• Problem statement:
Print the line containing "Right-click in the" and all lines after it, unchanged, through the end of the data. Leave the pictures out.

• Records shown:
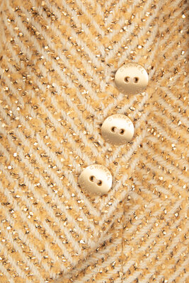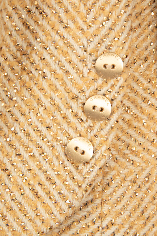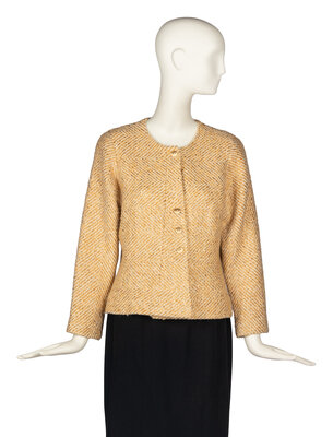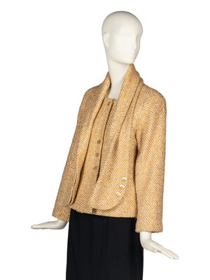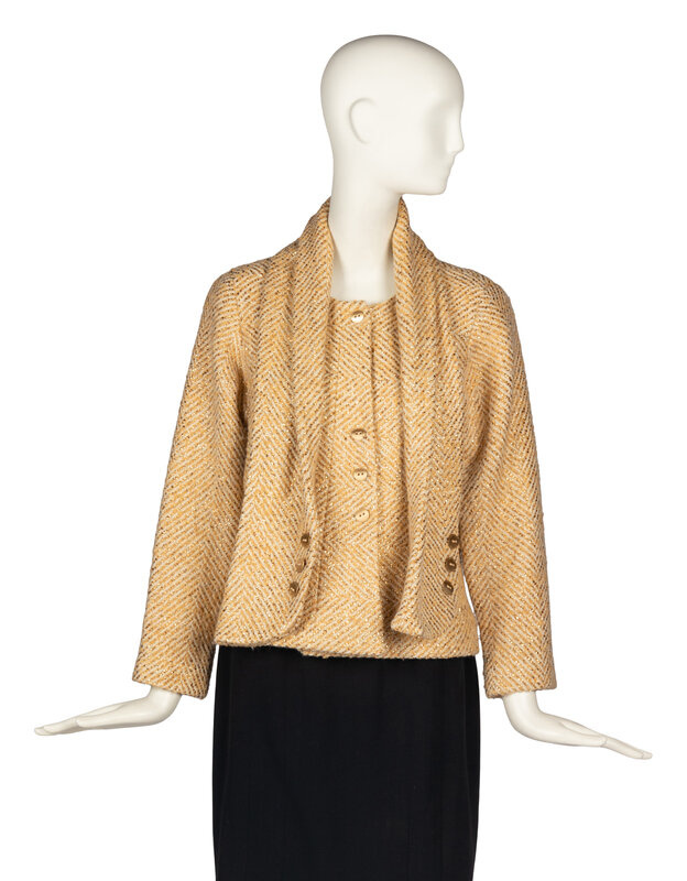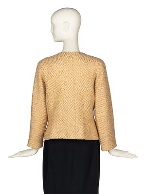 Collarless gold-metallic and white tweed jacket. Curved metal buttons. Slightly fitted. Shoulder pads. Silk lining. Matching sleeve-effect scarf.
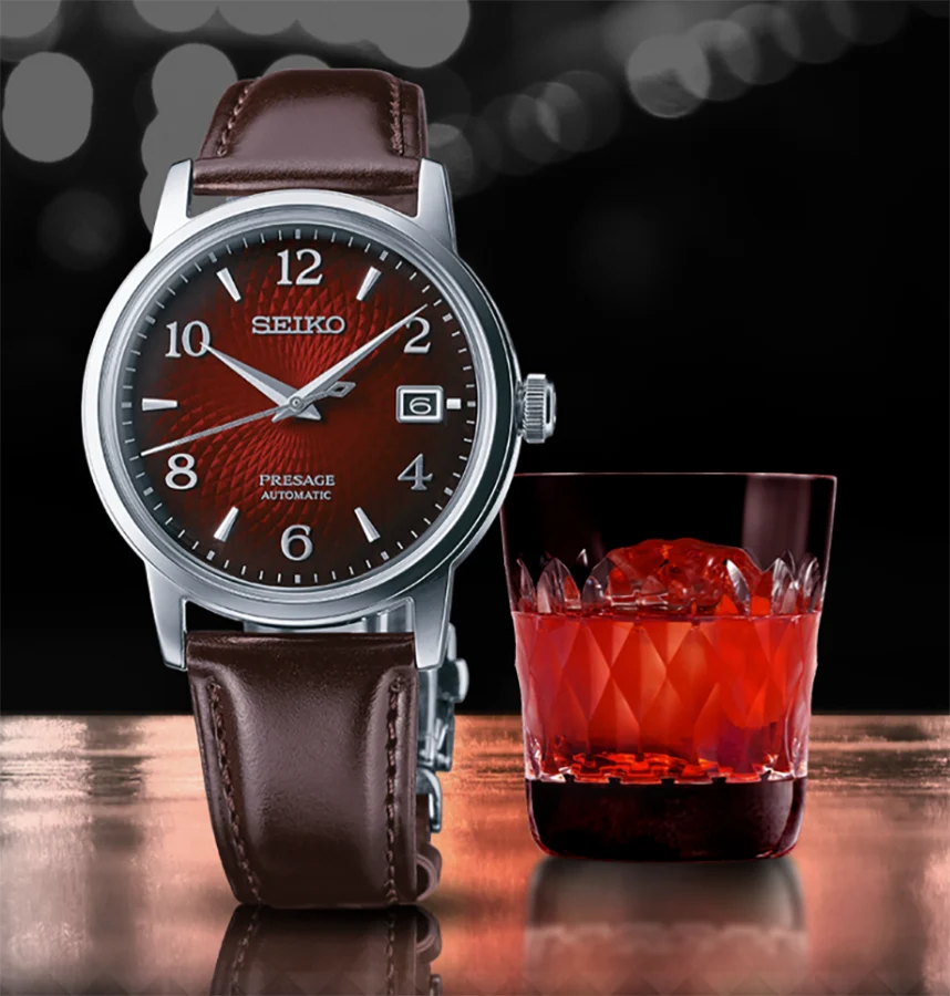 Seiko Presage Cocktail Time SRPE41J1, znany także jako Seiko Presage Negroni, to wyjątkowy zegarek inspirowany klasycznym włoskim koktajlem o głębokim, rubinowo-brązowym odcieniu. Model ten stanowi hołd dla japońskiej kultury koktajlowej, w której estetyka, harmonia i precyzja stanowią jedność – tak jak w zegarmistrzowskiej tradycji Seiko.
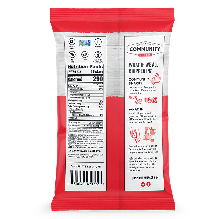 Indulge in the irresistible crunch of Community Snacks, where flavor meets purpose! Our kettle cooked potato chips come in eight mouthwatering varieties, each a symphony of taste and texture. From zesty jalapeño to classic sea salt, there is a chip for every craving. But we are not just about satisfying your snack cravings – we are committed to making a difference. With every savory bite, you are contributing to positive change. Community Snacks proudly donates 10% of its profits to food shares, ensuring that every bag purchased helps combat hunger in our communities. Join us in the delicious journey of giving back. Snack guilt-free, knowing you are not only treating your taste buds but also making a meaningful impact. Choose Community Snacks – where every chip brings joy, flavor, and support to those in need.
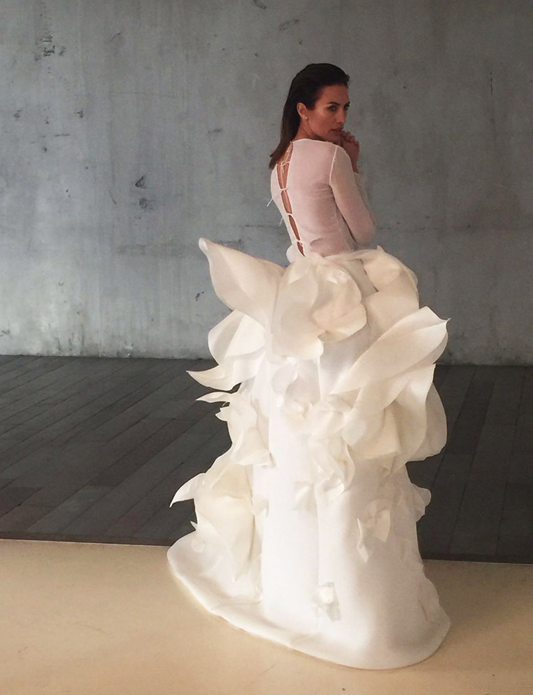 Haut de robe en voile, jupe en double et triple organza avec fleurs rapportées et incrustées soutenues par un grand panier court. 2017
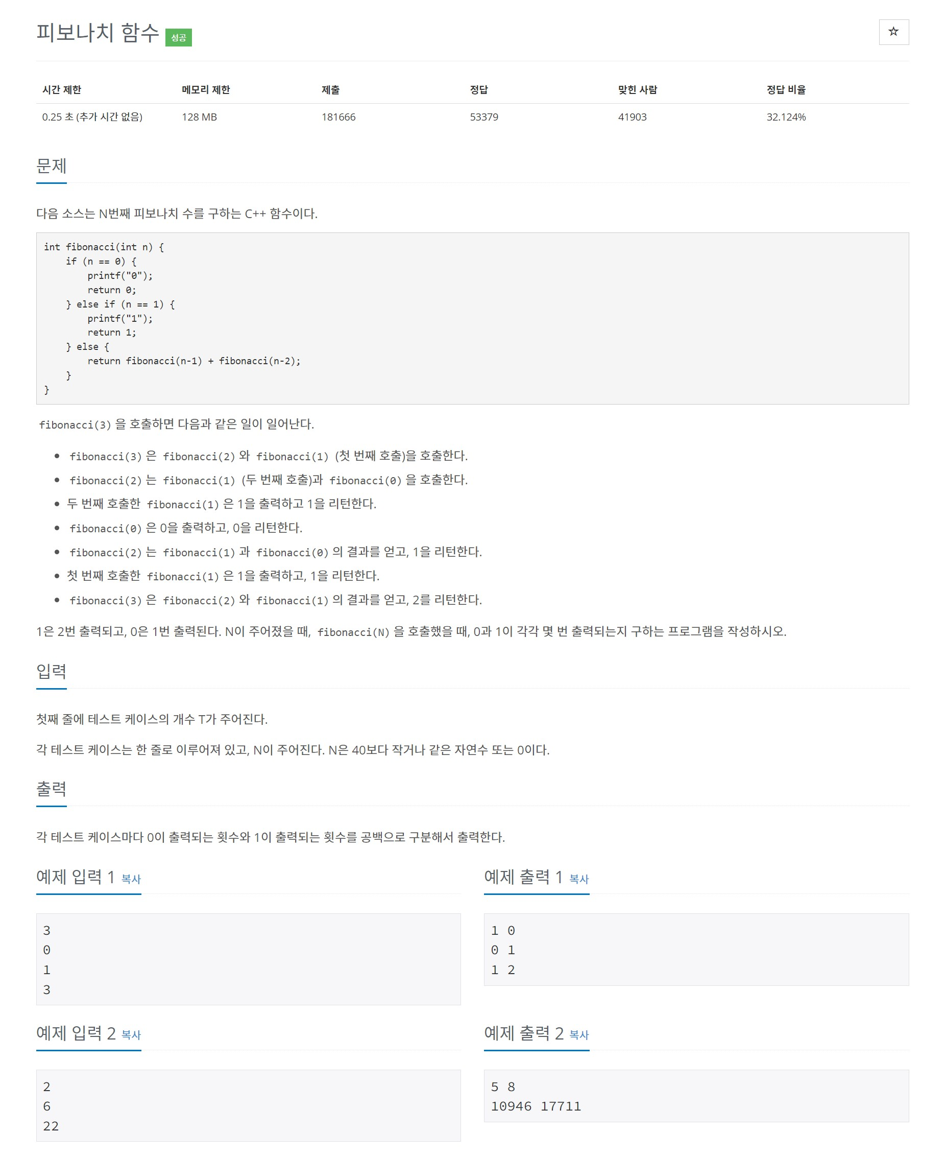 N번째 피보나치 수를 구하는 과정에서 1번째 피보나치 수와 0번째 피보나치 수가 몇 번 호출되었는지를 구하는 문제이다.
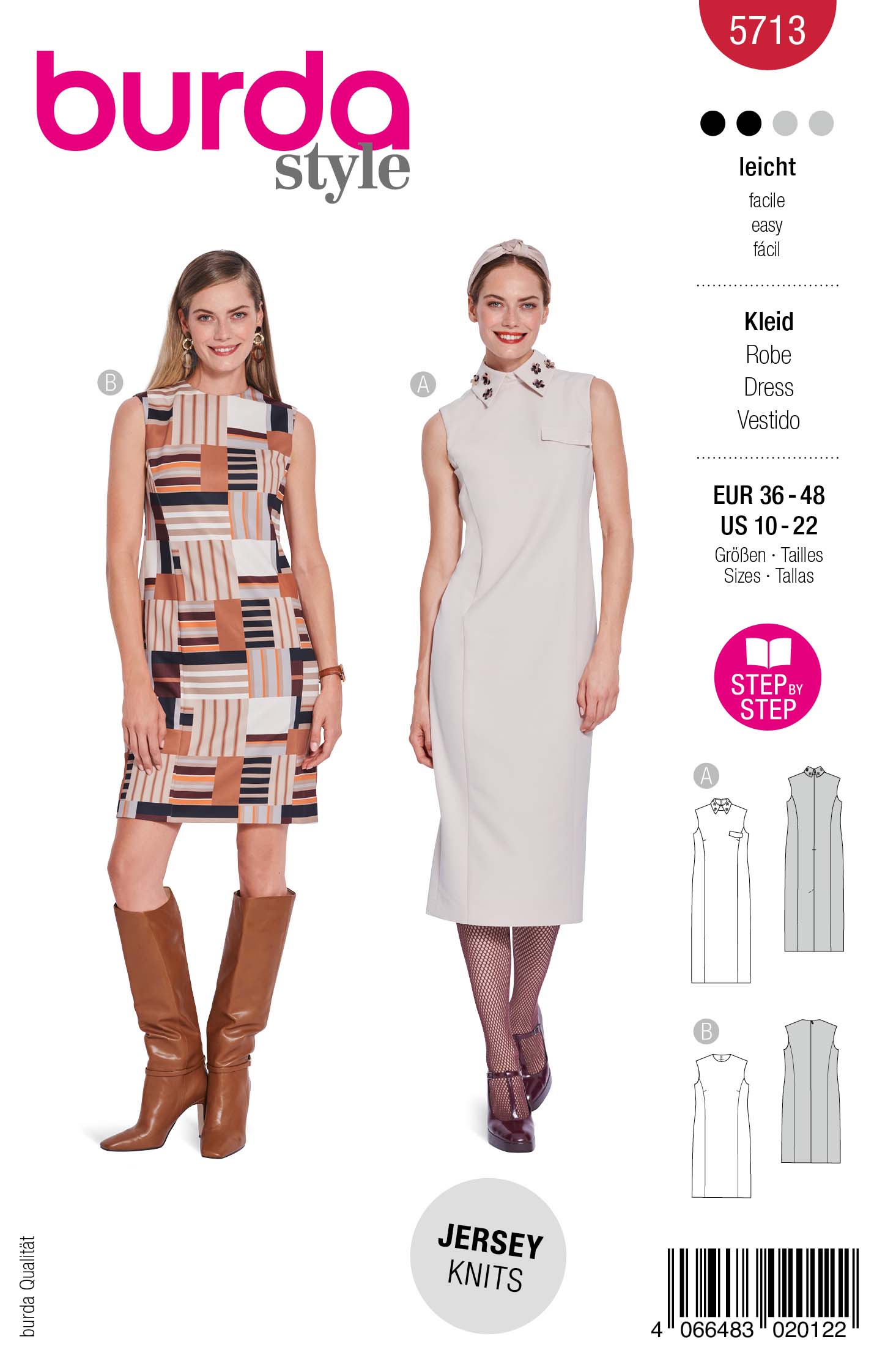 Entrambi i modelli sono facili da cucire e danno i migliori risultati con tessuti elastici come il jersey o tessuti per abiti con elastan. Ideali per ottenere rapidamente ottimi risultati e look femminili.
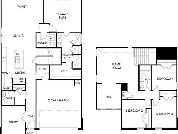 Downstairs, enjoy the Winedale's private primary suite, while the second-story flex space will make the perfect hobby or game room. Stone cabinets with ice white quartz countertops, cool grey EVP flooring with grey/brown carpet in our Distinct package.
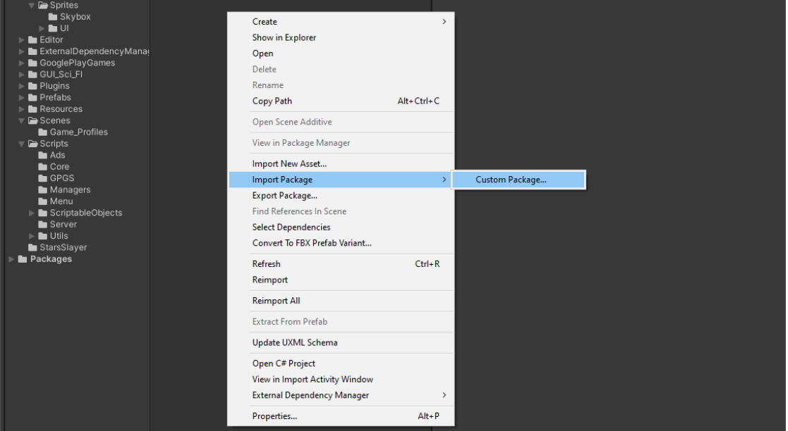 Right-click in the project window → Import Package → Custom package → Select the package. (You can also drag and drop the file into the project window)
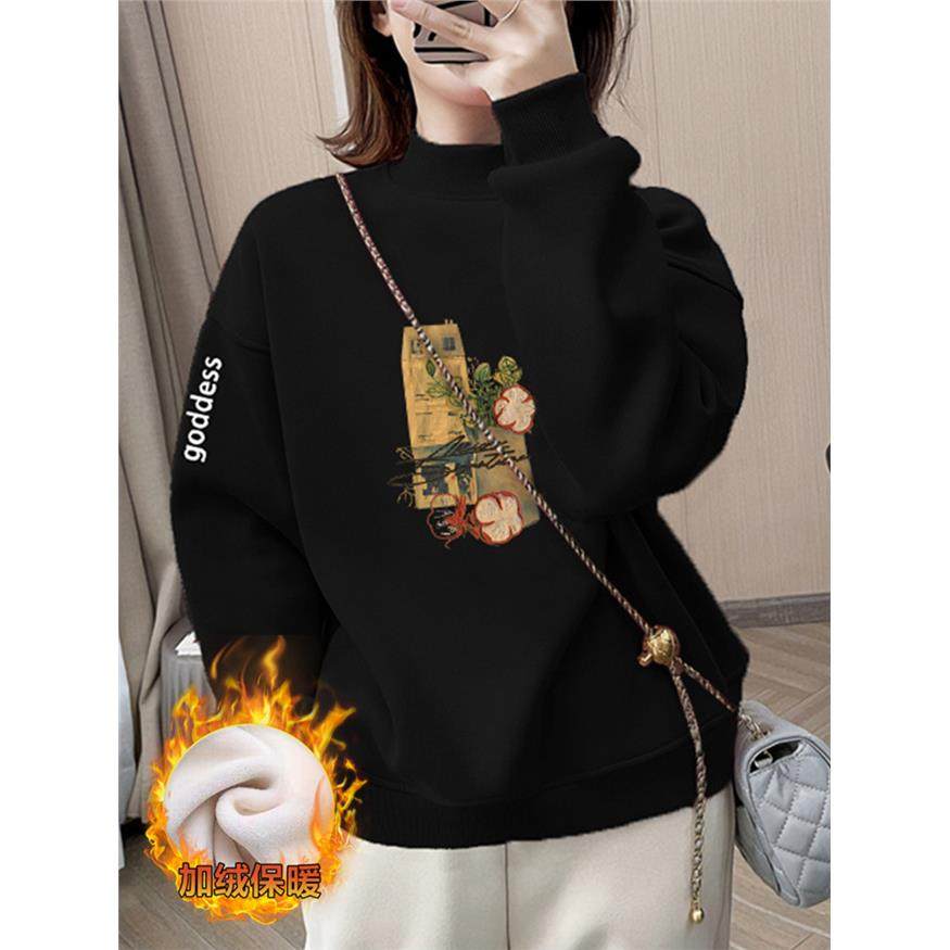 半高领卫衣女纯棉秋冬加绒加厚爆款宽松减龄洋气上衣厚款保暖外套

• Solution to the exercise:
 Right-click in the project window → Import Package → Custom package → Select the package. (You can also drag and drop the file into the project window)
 半高领卫衣女纯棉秋冬加绒加厚爆款宽松减龄洋气上衣厚款保暖外套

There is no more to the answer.